What you will do →
Once the pictures are set aside, transcribe the remaining data exactly.

..........

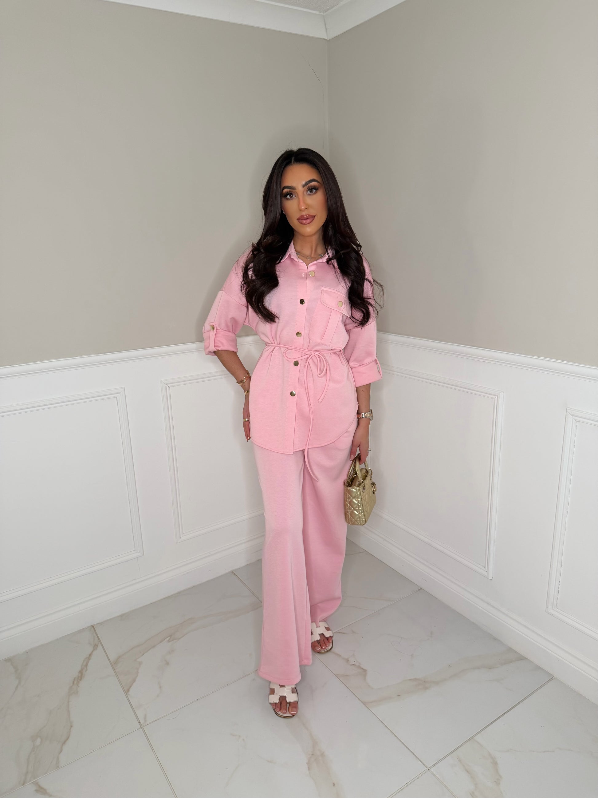 Gold button tie up co ord set
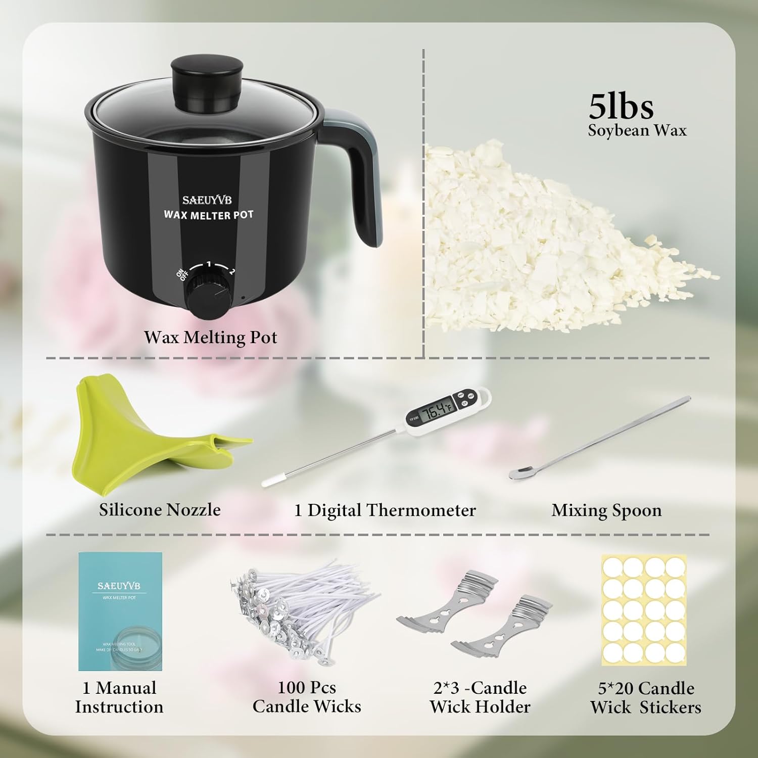 - 🎁【Candle Making Supplies】:Candle making kit includes wax melting pot,5lbs of natural soy wax,100 cotton candle wicks,2 stainless steel centering devices,100 candle wick stickers,1 thermometer,1 stainless steel spoon,1 silicone nozzle,1 instruction,DIY candle making kit supplies suit for beginners.
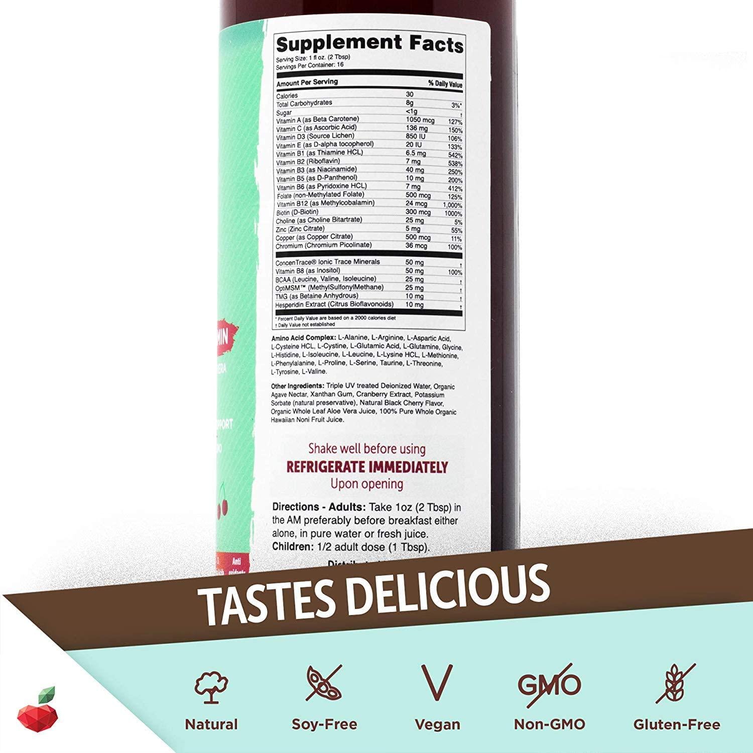 - MADE WITH ORGANIC INGREDIENTS: Only the purest plant based ingredients. This multi include 100% of your daily needed dosage for optimal daily function: Vitamin A, C, D3, E, B1, B2, B3, B5, B6, B7 (biotin), B8 (inositol), Vegan B12 (Methylcobalamin), OptiMSM, Multimineral, BCAA, TMG, Cranberry, Agave nectar, Hawaiian Noni & Aloe Vera juice.
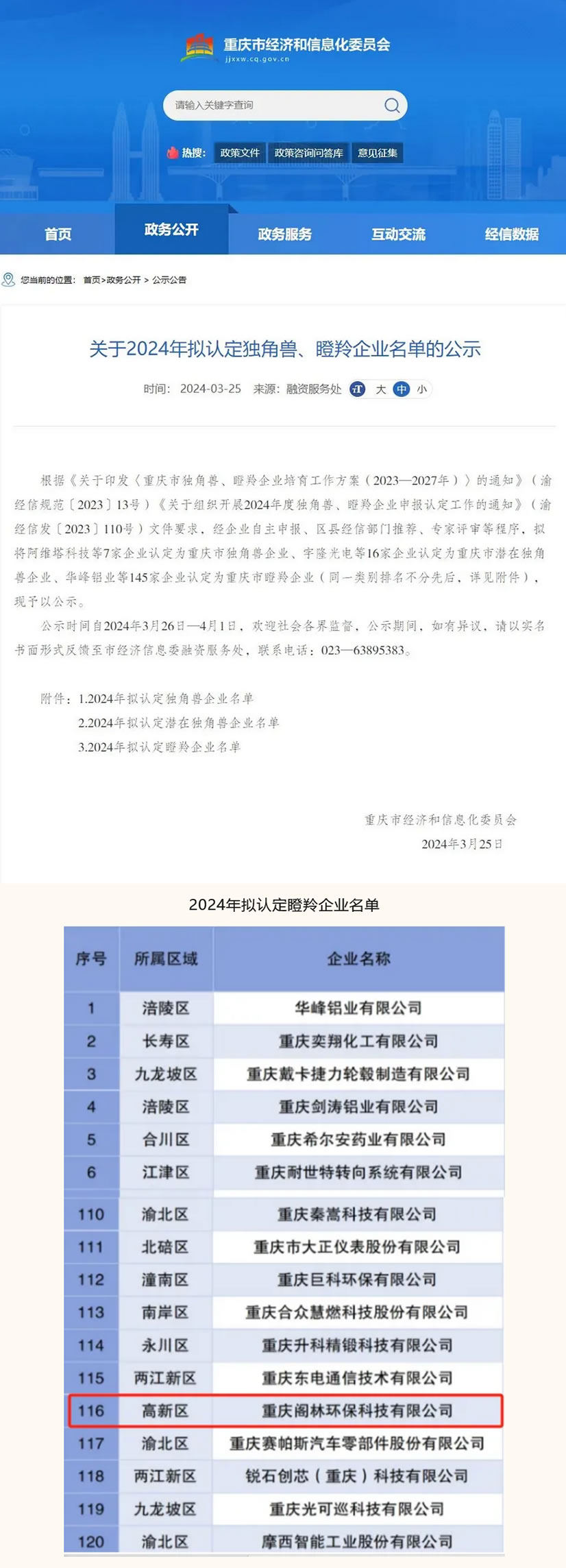 近日,重慶市經(jīng)濟(jì)信息委發(fā)布2024年度市級(jí)獨(dú)角獸及瞪羚企業(yè)評(píng)選認(rèn)定公示名單,重慶閣林環(huán)保科技有限公司(以下簡(jiǎn)稱“閣林環(huán)保”)榮獲2024年度重慶市“瞪羚企業(yè)”稱號(hào)。
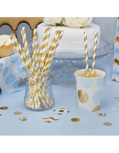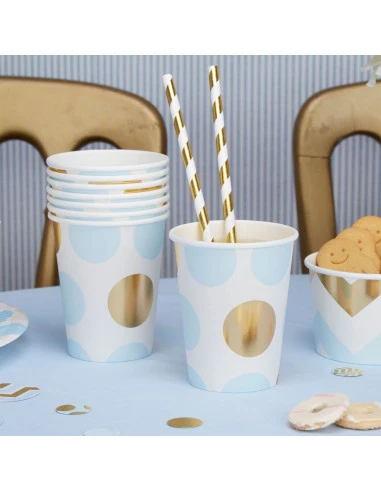 Pour votre décoration de fête anniversaire, de baby shower ou de baptême, ces gobelets avec de grands pois dorés et bleus .
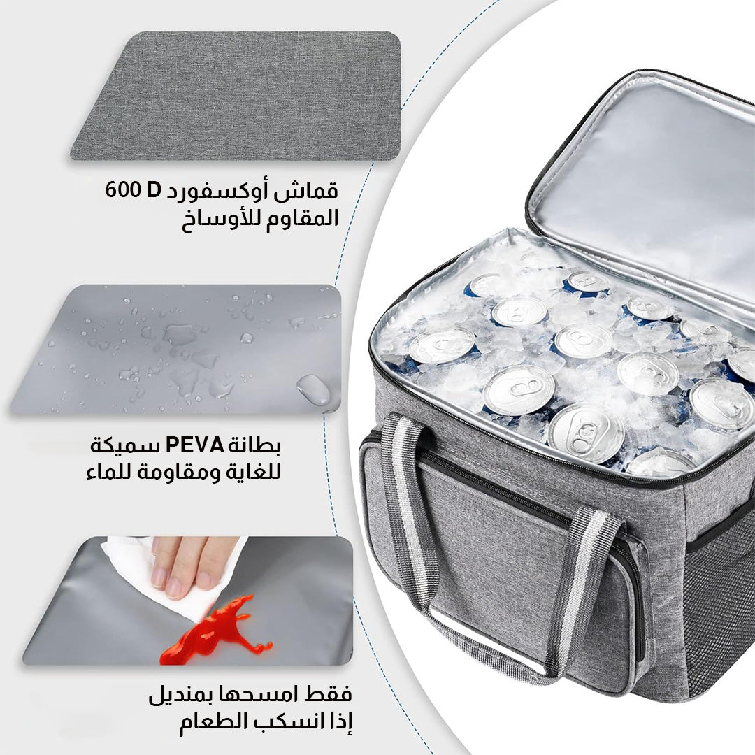 إذا كنت تبحث عن حقيبة غداء عملية، واسعة وأنيقة، فهذه الحقيبة بسعة 15 لتر هي أفضل اختيار لك تحافظ على طعامك طازجاً لساعات! تصميم أنيق، مقاومة للتسرب، وسهلة التنظيف. مثالية للعمل، الجامعة، الرحلات والسفر. احملها باليد أو على الكتف
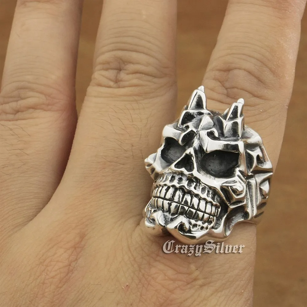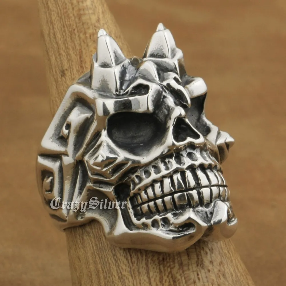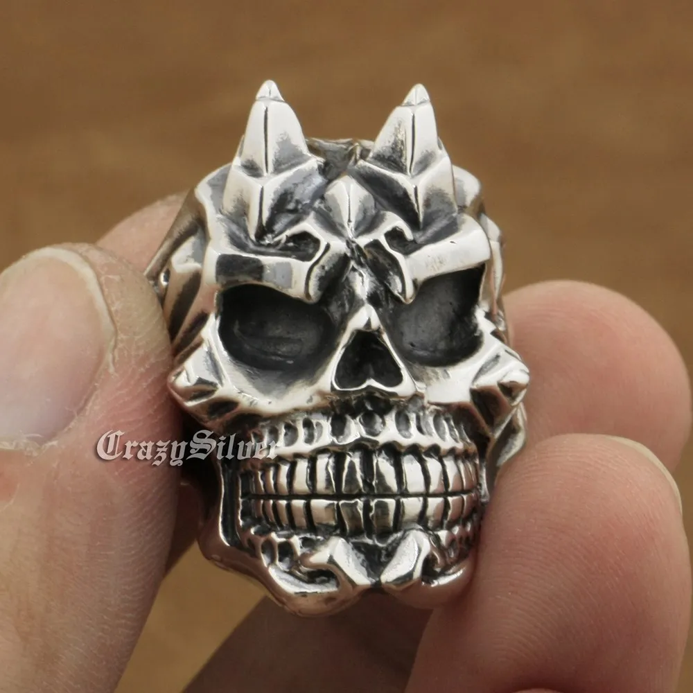 Мужское кольцо в стиле панк LINSION, байкерское кольцо с рогом дьявола и черепом, Размер 7-15, TA13
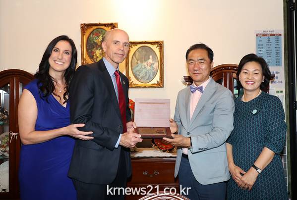 정장선 평택시장은 지난 12일 유엔사 부사령관 내외가 함께 참석한 가운데 유엔사 부사령관 웨인 D. 에어 중장에게 명예시민 패를 수여했다.
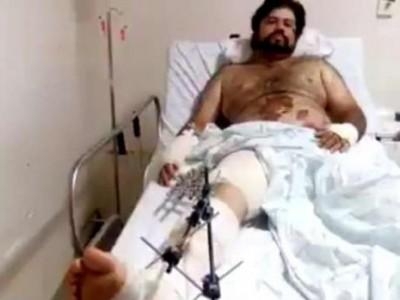 Ele sofreu quatro fraturas na perna, rompimento do tendão e perda do movimento em uma das mãos. No corpo diversas queimaduras do asfalto.
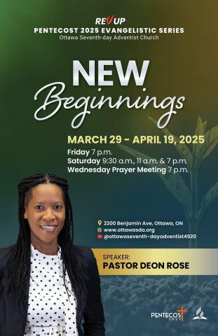 The “New Beginnings” Evangelistic Series, which began March 29, continues with Evangelist Pastor Deon Rose. The series is being held on Saturdays at 9:30 a.m., 11:00 a.m. and 7:00 p.m.; on Wednesdays at 7:00 p.m. and Fridays at 7:00 p.m. until April 19, 2025. Come and bring a friend. We encourage you to reach out to missing members and invite them as well.
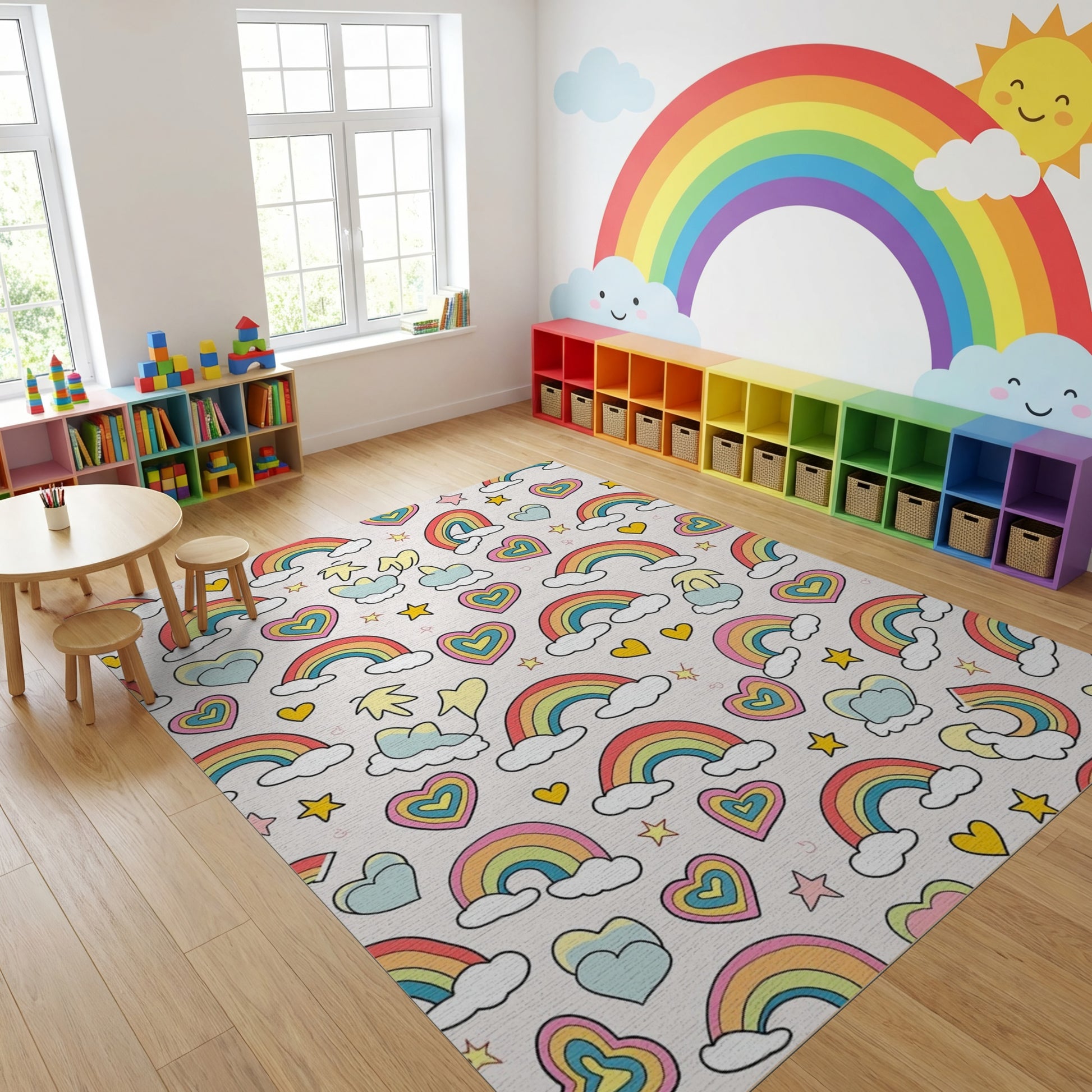 Flatwoven High Traffic Area Rug, Whimsical Rainbow Hearts Stars Clouds Rug, Non Slip, Stain Resistant, Washable Area Rugs for Study Room, Playroom, Bedroom Overview:

..........

Reply to the task →
 Gold button tie up co ord set
 - 🎁【Candle Making Supplies】:Candle making kit includes wax melting pot,5lbs of natural soy wax,100 cotton candle wicks,2 stainless steel centering devices,100 candle wick stickers,1 thermometer,1 stainless steel spoon,1 silicone nozzle,1 instruction,DIY candle making kit supplies suit for beginners.
 - MADE WITH ORGANIC INGREDIENTS: Only the purest plant based ingredients. This multi include 100% of your daily needed dosage for optimal daily function: Vitamin A, C, D3, E, B1, B2, B3, B5, B6, B7 (biotin), B8 (inositol), Vegan B12 (Methylcobalamin), OptiMSM, Multimineral, BCAA, TMG, Cranberry, Agave nectar, Hawaiian Noni & Aloe Vera juice.
 近日,重慶市經(jīng)濟(jì)信息委發(fā)布2024年度市級(jí)獨(dú)角獸及瞪羚企業(yè)評(píng)選認(rèn)定公示名單,重慶閣林環(huán)保科技有限公司(以下簡(jiǎn)稱“閣林環(huán)保”)榮獲2024年度重慶市“瞪羚企業(yè)”稱號(hào)。
 Pour votre décoration de fête anniversaire, de baby shower ou de baptême, ces gobelets avec de grands pois dorés et bleus .
 إذا كنت تبحث عن حقيبة غداء عملية، واسعة وأنيقة، فهذه الحقيبة بسعة 15 لتر هي أفضل اختيار لك تحافظ على طعامك طازجاً لساعات! تصميم أنيق، مقاومة للتسرب، وسهلة التنظيف. مثالية للعمل، الجامعة، الرحلات والسفر. احملها باليد أو على الكتف
 Мужское кольцо в стиле панк LINSION, байкерское кольцо с рогом дьявола и черепом, Размер 7-15, TA13
 정장선 평택시장은 지난 12일 유엔사 부사령관 내외가 함께 참석한 가운데 유엔사 부사령관 웨인 D. 에어 중장에게 명예시민 패를 수여했다.
 Ele sofreu quatro fraturas na perna, rompimento do tendão e perda do movimento em uma das mãos. No corpo diversas queimaduras do asfalto.
 The “New Beginnings” Evangelistic Series, which began March 29, continues with Evangelist Pastor Deon Rose. The series is being held on Saturdays at 9:30 a.m., 11:00 a.m. and 7:00 p.m.; on Wednesdays at 7:00 p.m. and Fridays at 7:00 p.m. until April 19, 2025. Come and bring a friend. We encourage you to reach out to missing members and invite them as well.
 Flatwoven High Traffic Area Rug, Whimsical Rainbow Hearts Stars Clouds Rug, Non Slip, Stain Resistant, Washable Area Rugs for Study Room, Playroom, Bedroom Overview:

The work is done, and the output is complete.